DATA FOR PROCESSING:
++++++++++++++++++++
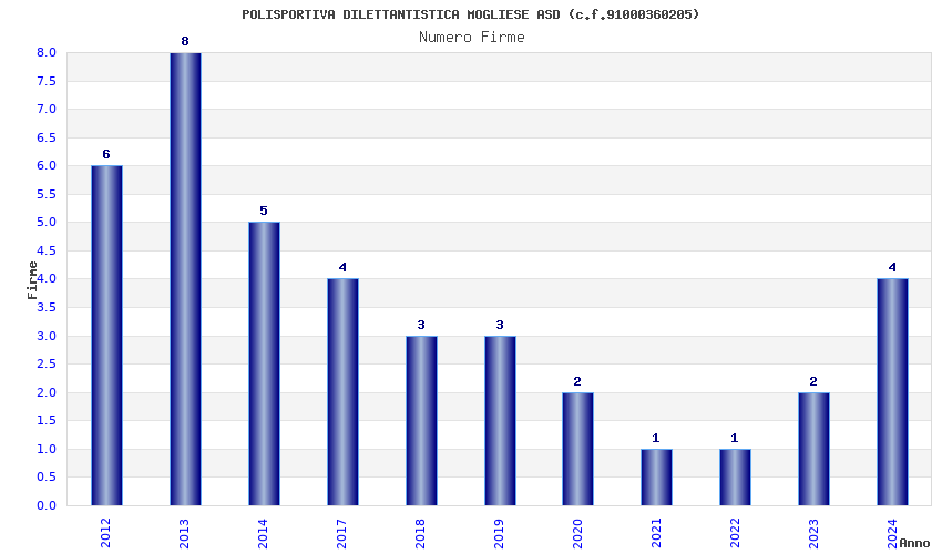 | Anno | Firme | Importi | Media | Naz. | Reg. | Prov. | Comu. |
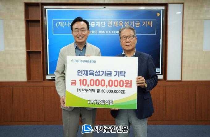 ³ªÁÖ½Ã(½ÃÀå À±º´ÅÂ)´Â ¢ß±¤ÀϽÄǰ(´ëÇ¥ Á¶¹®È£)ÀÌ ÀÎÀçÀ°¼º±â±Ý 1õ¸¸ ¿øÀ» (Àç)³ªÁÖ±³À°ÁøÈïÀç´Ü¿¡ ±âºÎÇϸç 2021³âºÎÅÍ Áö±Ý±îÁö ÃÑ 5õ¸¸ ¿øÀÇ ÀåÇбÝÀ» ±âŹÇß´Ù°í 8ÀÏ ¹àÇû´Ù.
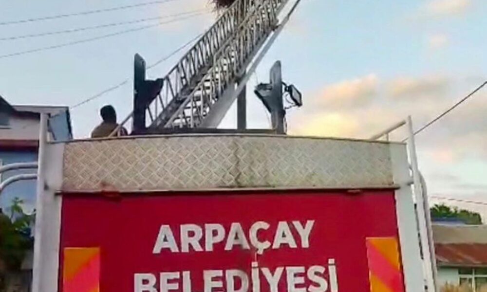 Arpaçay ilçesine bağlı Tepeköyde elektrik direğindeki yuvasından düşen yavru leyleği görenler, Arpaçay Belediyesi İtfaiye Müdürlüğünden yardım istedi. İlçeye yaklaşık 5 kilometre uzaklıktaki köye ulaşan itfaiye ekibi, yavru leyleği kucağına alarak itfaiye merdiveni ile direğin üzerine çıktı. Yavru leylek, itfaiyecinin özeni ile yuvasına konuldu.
++++++++++++++++++++
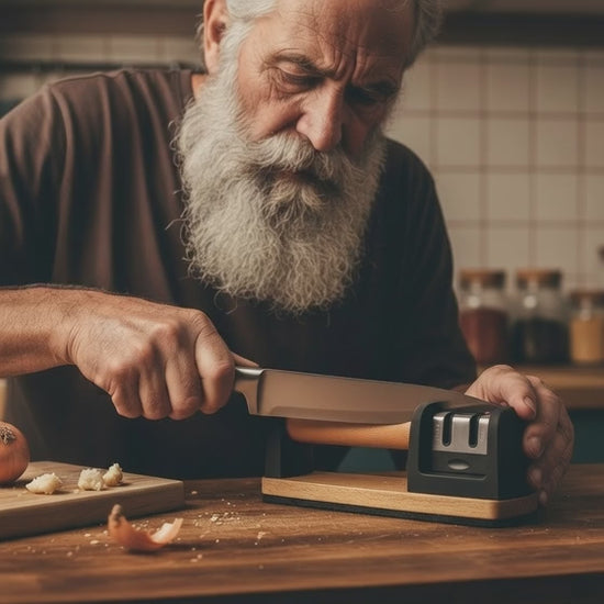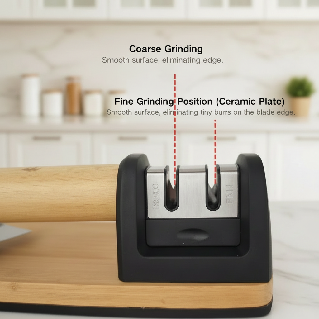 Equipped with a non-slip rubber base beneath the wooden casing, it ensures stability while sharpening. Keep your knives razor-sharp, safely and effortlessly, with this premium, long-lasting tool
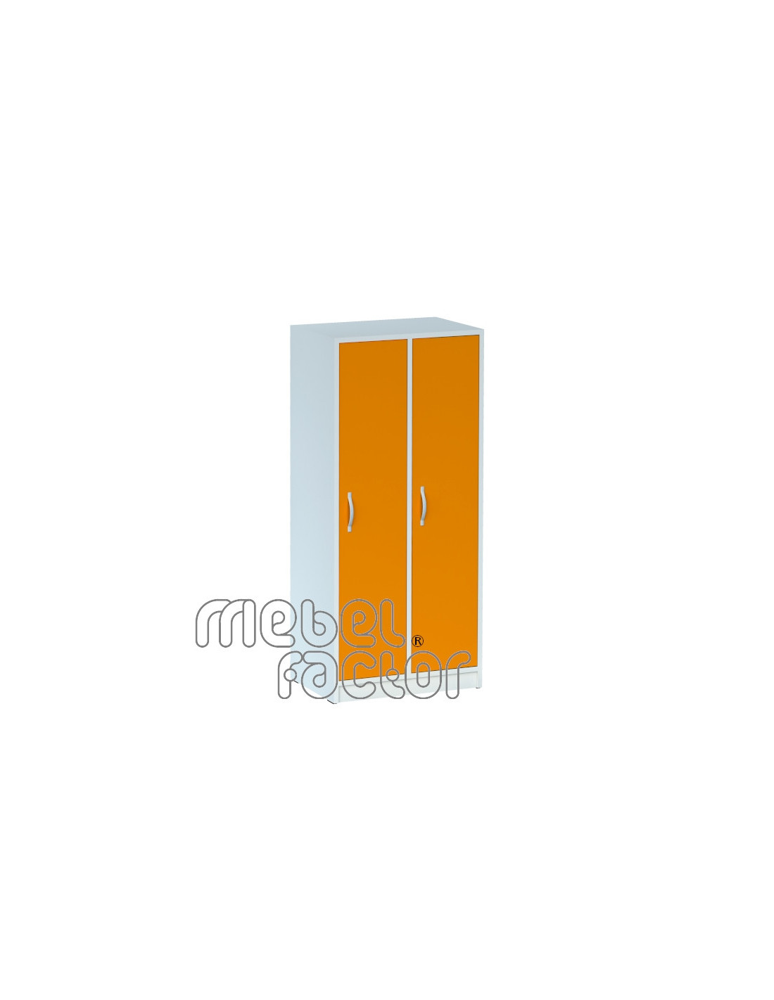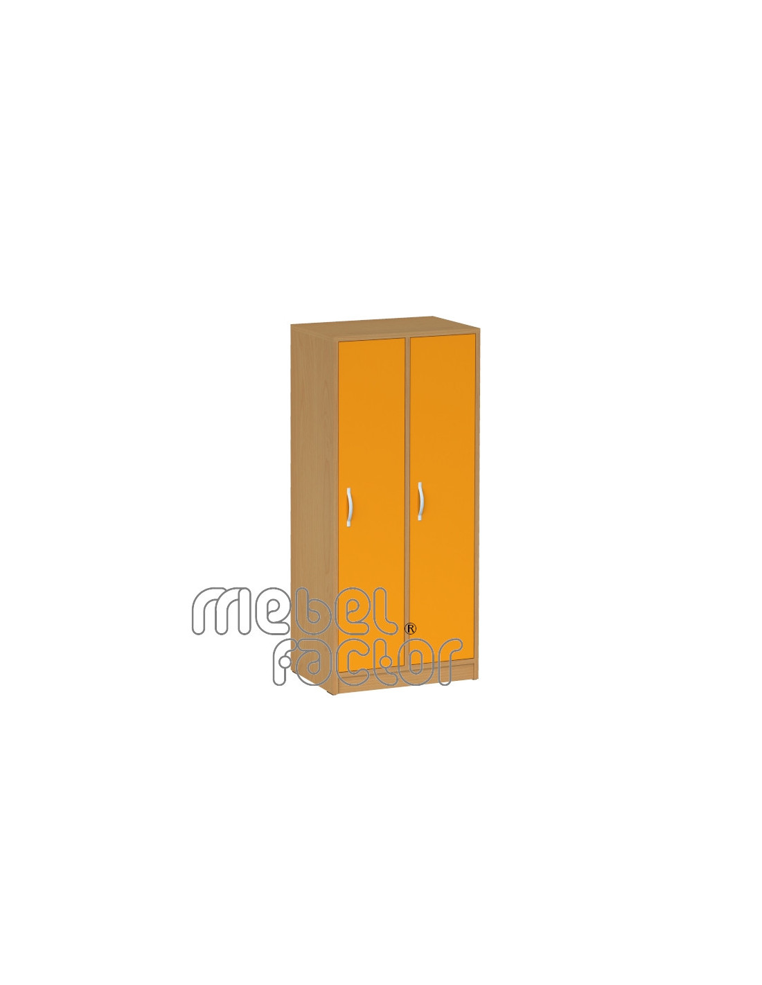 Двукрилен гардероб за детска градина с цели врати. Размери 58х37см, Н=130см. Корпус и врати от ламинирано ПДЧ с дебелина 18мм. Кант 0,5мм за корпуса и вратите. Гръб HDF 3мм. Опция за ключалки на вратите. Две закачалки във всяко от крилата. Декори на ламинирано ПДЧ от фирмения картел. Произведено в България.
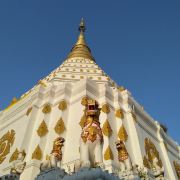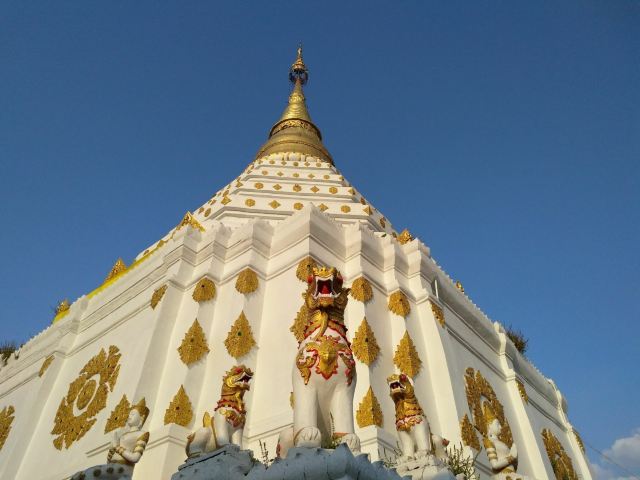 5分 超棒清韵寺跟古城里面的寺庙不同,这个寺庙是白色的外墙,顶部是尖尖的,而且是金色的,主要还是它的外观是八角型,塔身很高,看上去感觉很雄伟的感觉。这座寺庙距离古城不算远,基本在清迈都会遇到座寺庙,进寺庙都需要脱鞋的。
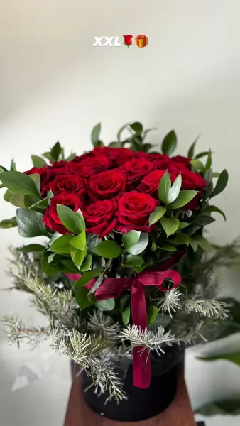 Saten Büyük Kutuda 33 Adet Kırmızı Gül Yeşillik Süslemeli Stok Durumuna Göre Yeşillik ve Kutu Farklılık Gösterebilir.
++++++++++++++++++++
TASK INSTRUCTIONS:
Every line above between the one containing "Двукрилен гардероб за" and the one containing "Saten Büyük Kutuda", those two included, is to be printed exactly. No pictures go into the copy.

TASK ANSWER:
 Двукрилен гардероб за детска градина с цели врати. Размери 58х37см, Н=130см. Корпус и врати от ламинирано ПДЧ с дебелина 18мм. Кант 0,5мм за корпуса и вратите. Гръб HDF 3мм. Опция за ключалки на вратите. Две закачалки във всяко от крилата. Декори на ламинирано ПДЧ от фирмения картел. Произведено в България.
 5分 超棒清韵寺跟古城里面的寺庙不同,这个寺庙是白色的外墙,顶部是尖尖的,而且是金色的,主要还是它的外观是八角型,塔身很高,看上去感觉很雄伟的感觉。这座寺庙距离古城不算远,基本在清迈都会遇到座寺庙,进寺庙都需要脱鞋的。
 Saten Büyük Kutuda 33 Adet Kırmızı Gül Yeşillik Süslemeli Stok Durumuna Göre Yeşillik ve Kutu Farklılık Gösterebilir.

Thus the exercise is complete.